Just a few steps from the backdoor, he can grab green beans, tomatoes, squash,
figs and onions. It's not the typical vegetable garden with row after row of crops.
"Everything is all nestled together," he says. "It looks natural. Mother Nature, she
doesn't plant 500 acres of corn. She just scatters seeds about."
Kitchen gardens have been around for hundreds of years, notes Bill Adams, a
horticulturist and garden author.
These gardens, though romantic in appearance, are purely practical in that they
offer a way of growing a number of crops -- fruit, vegetables, herbs and even cut
flowers -- in small spaces.
At his small farm in Burton, Texas, Adams created a series of raised beds, where
he grows everything from beets to zucchini. Not deterred by the relatively small
space of the garden, he's got about 15 varieties of tomatoes alone, the majority
of them heirlooms. As in Brown's garden, Adams' plots are peppered with herbs
and a few flowers popping up here and there.
He's even made room for ornaments, such as a cast-iron English post box he
and his wife, Deborah, found at a flea market.
Beauty aside, it's the flavors that appeal to Adams, who shares recipes as
liberally as he shares garden bounty at his local bank, where he goes to the
commercial lane of the drive-through so he can pass beans and squash through
the window.
Brown agrees.
"You're getting the freshest, best-quality produce to add to the food you're
eating," says Brown. "Typically you can supply a third of what you eat, maybe
half or more if you're eating vegetarian."
Eating from the kitchen garden means you don't have broccoli in June or
tomatoes in January, but it also means the produce didn't travel hundreds of
miles to your table.
According to a study done in 2003, the average bite of produce logged 1,500
miles from field to fork in the Midwest, says Rich Pirog, marketing and foodsystems program leader for the Leopold Center at Iowa State University.
"It's interesting how much it costs to move all that stuff from location A on the
globe to location B, when all we have to do is put it in our backyards," says
Brown.
Kitchen Gardeners International, a Maine nonprofit organization, aims to shorten
the distance between people and healthy, delicious foods, says founder and
Executive Director Roger Doiron. In what he calls the "delicious revolution,"
Doiron notes increased interest in locally grown produce.
"People are realizing that good food doesn't have to come from California or Italy
or France. It can come, literally, from our own backyards."

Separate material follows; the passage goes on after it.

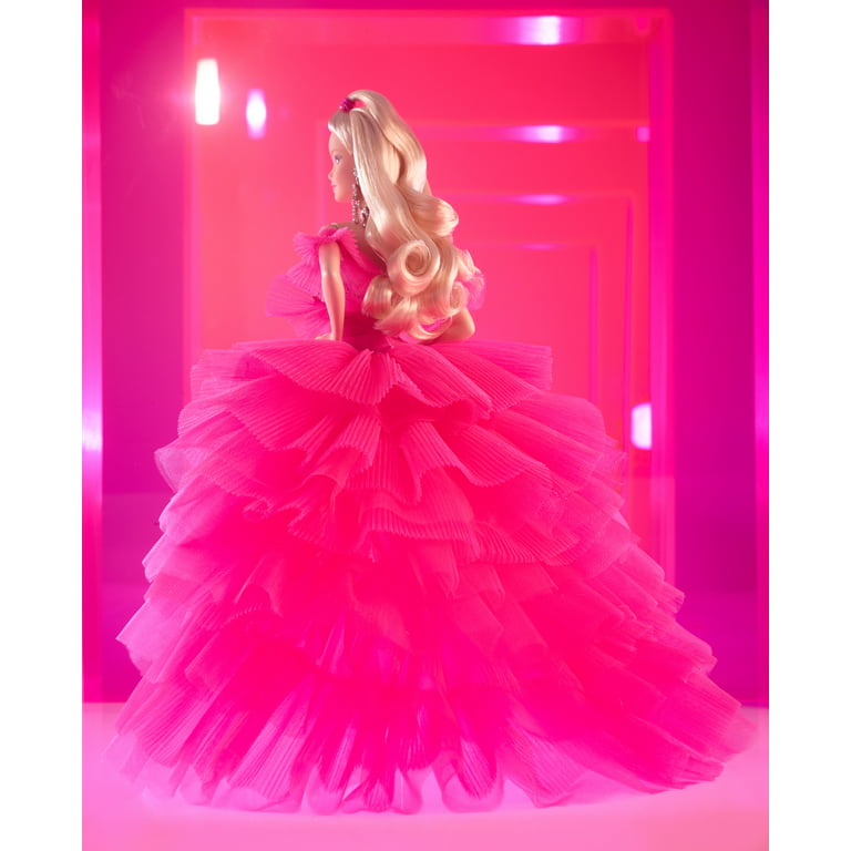 Introducing the Barbie Pink Collection, where classic Barbie glamor meets on-trend fashions. Featuring a Silkstone body, the first doll in the collection is stunning in an off-the-shoulder high-low gown with bow accents and a dramatic train of cascading tulle. Bow-kissed sandals and elegant drop earrings complement her striking silhouette. In premium packaging ideal for display, this bold celebration of Barbie doll’s iconic signature color makes the perfect gift for collectors. Includes a doll stand and Certificate of Authenticity. Doll cannot stand alone. Colors and decorations may vary.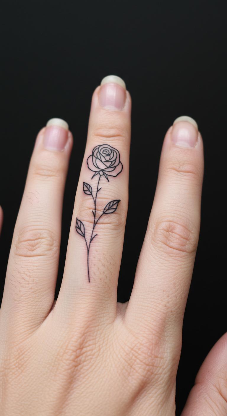 Finger tattoos make a rose feel intimate and personal. Imagine thin lines forming a small rose on your ring finger. It stands out without overwhelming your hand. Try drawing it with a fine-tip marker at home. Experiment with sizes to fit just right. Find an artist who does detailed work for around $40. They might have tools for quick sessions. Opt for black lines to keep it subtle. Pain here is short, so breathe through it. Once done, moisturize with lotion from your cabinet. Avoid rings until it heals. This design boosts your confidence in everyday tasks like typing or gesturing.

He encourages home gardeners to start small.
Brown created two 25-by-15-foot beds, bordering them with limestone blocks to
hold soil on a south-facing slope. To make the most of the spaces, he
incorporates square-foot gardening techniques. This year, he's experimenting
with the "three sisters" planting method practiced by American Indians.

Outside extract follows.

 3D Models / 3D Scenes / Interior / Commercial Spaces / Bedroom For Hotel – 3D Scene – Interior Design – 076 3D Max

He plants pole beans around hills of corn and squash between the hills. The
beans supply nitrogen for the corn, a plant that requires more of the nutrient.

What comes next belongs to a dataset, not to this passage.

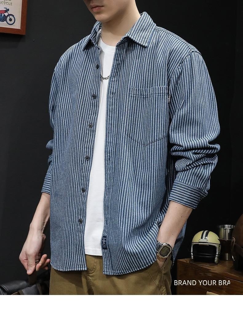 남자 스트라이프 아우터 셔츠 캐주얼 상의 데님 셔츠 긴팔 남자 셔츠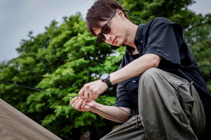TAKE:テンプル部分に凹凸のある滑り止めが付いているので、動き回ってもサングラスがずれることなく作業に集中できました。キャンプのときってサングラスの置き場に困るのですが、ネックストラップがあるとその心配もいりません。

An organic grower, Brown plants cover crops such as clover to nourish the soil
between crops, and he supplements with compost and other organic material.
"Because I don't use chemicals in my garden, I need to create a balance," he
says.
On the perimeter of the garden, he grows his "good bug blend" to attract
beneficial insects that will manage pests. Some of the harvest, such as the
parsley, is intended for caterpillars that will become black swallowtail butterflies.
Brown tends to his garden daily and devotes a few hours of weekend days to his
crops. For him, it's a pleasant task.
"It's not like a chore. I do it because I enjoy it."
And he enjoys the fresh, flavorful bounty.